Billetterie

L’écroulement du credo

Credo

Comme un rêve, le texte de Credo demande à être interprété. Fait de mots, d’images, d’émois, il devient parfois cauchemar. Échappé de l’inconscient, il garde sa part de mystère, d’ombre et de poésie. Il mêle le vrai et le faux, la réalité interne et la réalité externe : « Ensuite, je te raconterai toutes sortes d’histoires fausses et vraies, sans que tu puisses démêler le mensonge de la vérité. » À la manière d’un rêve, c’est un texte fragmenté autant dans les phrases, dans les lieux que dans les temporalités; et, surtout, il existe bien au-delà de tout ce qu’on pourrait en dire.

 

Ce texte, ce sont les paroles d’une femme à un homme. Cette femme existe par les mots : elle se souvient, revit la douleur, fantasme la torture, veut tuer et fait tout s’écrouler par le pouvoir des mots.
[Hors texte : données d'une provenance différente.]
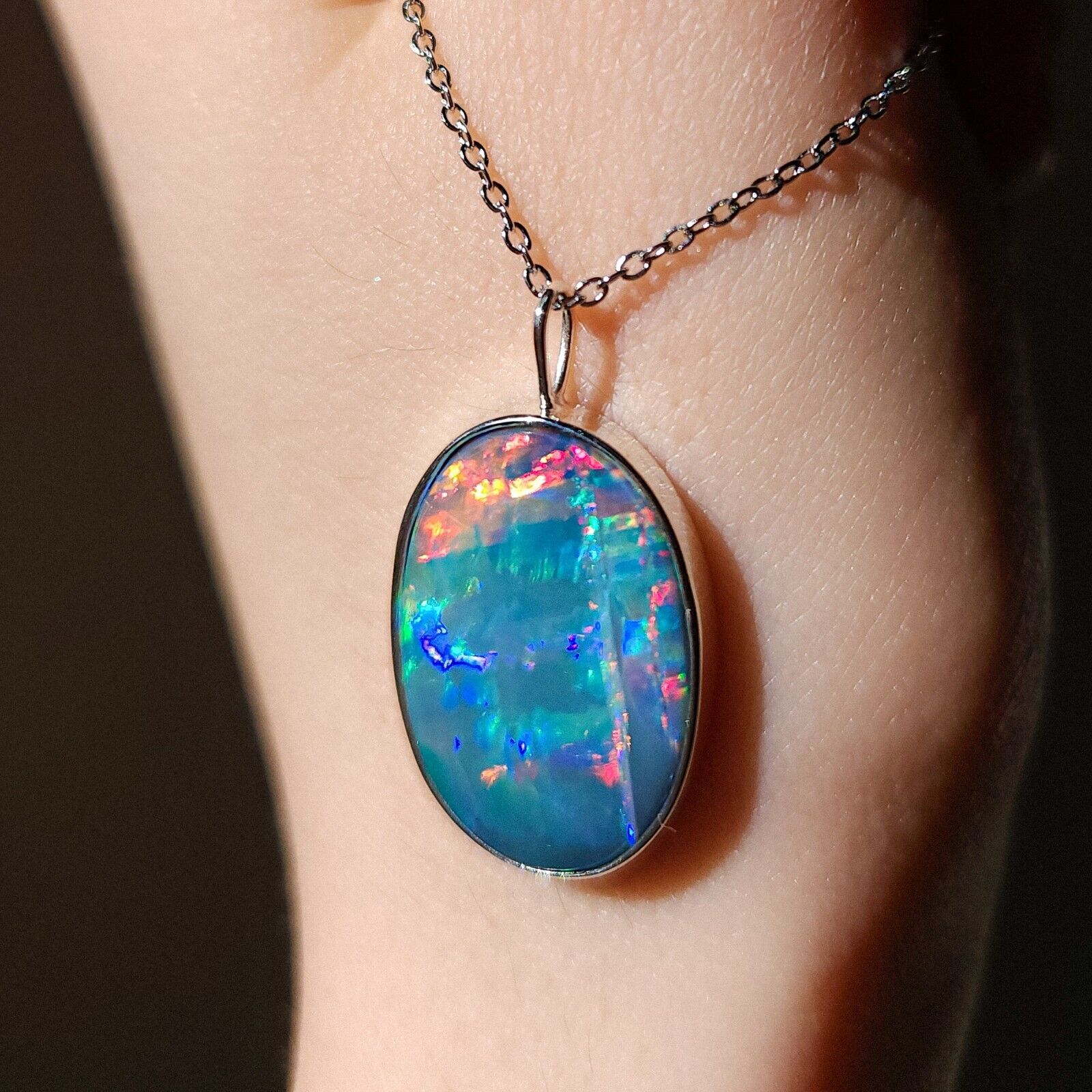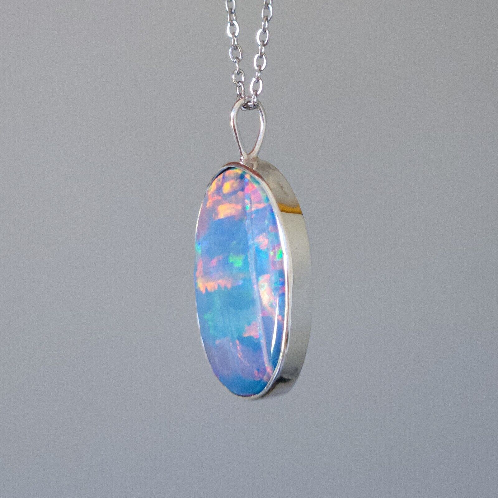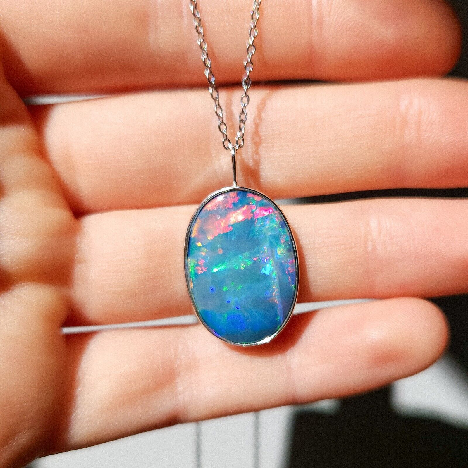 QUEEN | Australian opal necklace, Sterling Silver, opal doublet, crystal opal/ minimalist jewelry / rainbow gemstone / charm pendant

L’enfance lui revient par bribes, selon des voies associatives, à travers des scènes tantôt froides, tantôt pleines d’horreur. Des scènes que ne nourrit aucun amour. Puisqu’il lui était interdit de commencer une phrase par « je », les frontières entre le « je » et le « tu » ont été mal définies. Elle se perçoit, ce soir, dans la patience de la haine, comme un amas de ferraille, une carcasse mue par un immense désir sexuel, une machine à tuer.

 

Elle parle, elle boit, elle attend cet homme. Elle le nourrit, lui sert à boire. Il est, comme elle, construit de bric et de broc : « Et j’ai vu ce que tu étais : un oreiller, une chaise, un manteau, une sacoche, un bol, un dictionnaire usé, une armoire de bricolage, un journal. » Il représente pour elle ce métal tordu qui tapisse son âme. Il condense l’interdit et le désir, la solitude et la quête, la douleur. Il est l’objet du mépris. Objet de toutes les croyances, il est ce credo dont elle doit se défaire violemment. Elle sait pourtant que ce meurtre — mais comment le tuera-t-elle? — sera « une manière de suicide ».

 

Texte dense qu’aucune lecture ne saurait épuiser. Comme une spirale, la parole repasse et repart mêlant les sens, fracturant les scènes et les personnages, conduisant l’interprétation dans des lieux jamais clos. S’agit-il de la métaphore d’une lente et douloureuse libération accomplie dans une cure où la parole seule permet l’appropriation de soi et la survie psychique? S’agit-il d’un délire qui enferme la folie dans un labyrinthe refermé sur soi? Ou encore d’un homme qui donne à voir la femme blessée qu’il porte au creux de sa déchirure? Quelle résonance intime ce texte aura-t-il en chacun de nous?

 

À travers ces mots, cette femme trouvera-t-elle, à la fin, le silence qu’elle associe à la beauté?